These are the two predictors: a higher-variance gradient booster, and a linear predictor:

    g = ensemble.GradientBoostingRegressor()
    l = linear_model.LinearRegression()

这是答案中建议的方法:

Here is the methodology suggested in the answer:

    g.fit(x0[: 80, :], y[: 80])
    l.fit(x1[: 80, :], y[: 80])

    x[:, 0] = g.predict(x0)
    x[:, 1] = l.predict(x1)

    >>> metrics.r2_score(
        y[80: ],
        linear_model.LinearRegression().fit(x[: 80, :], y[: 80]).predict(x[80: , :]))
    0.940017788444

现在，使用堆栈:

    x[: 80, 0] = Stacker(g).fit_transform(x0[: 80, :], y[: 80])[:, 0]
    x[: 80, 1] = Stacker(l).fit_transform(x1[: 80, :], y[: 80])[:, 0]
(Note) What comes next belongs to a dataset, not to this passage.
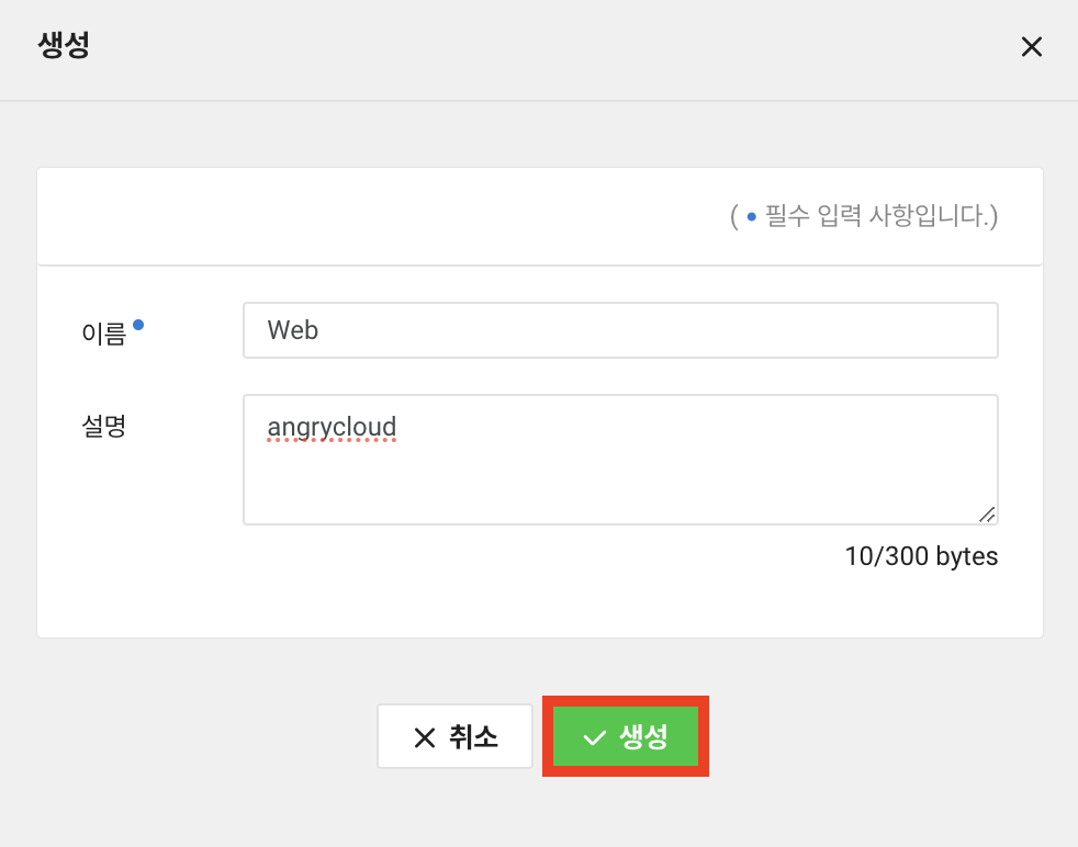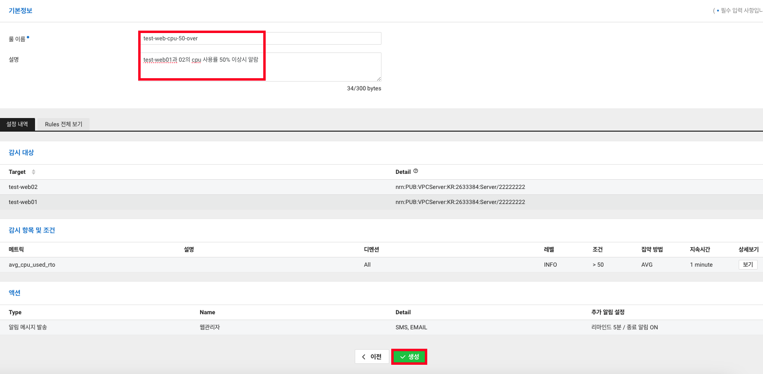 9. 마지막으로 룰의 이름과 설명을 적고 생성을 클릭합니다.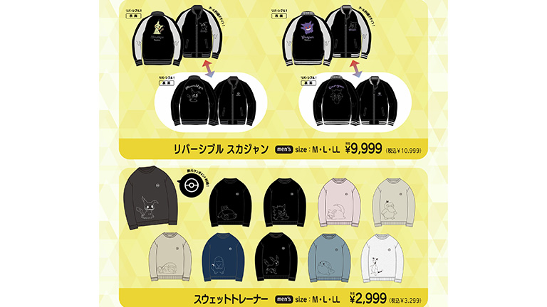 ドン・キホーテから発売中の「ポケットモンスター」を題材にしたアパレルアイテム、今回はスカジャン、トレーナー、スウェットが登場します。

    u = linear_model.LinearRegression().fit(x[: 80, :], y[: 80])

    x[80: , 0] = Stacker(g).fit(x0[: 80, :], y[: 80]).transform(x0[80:, :])
    x[80: , 1] = Stacker(l).fit(x1[: 80, :], y[: 80]).transform(x1[80:, :])

    >>> metrics.r2_score(
        y[80: ],
        u.predict(x[80:, :]))
    0.992196564279

堆叠预测效果更好.它意识到梯度增强器并不是那么好.

The stacking prediction does better. It realizes that the gradient booster is not that great.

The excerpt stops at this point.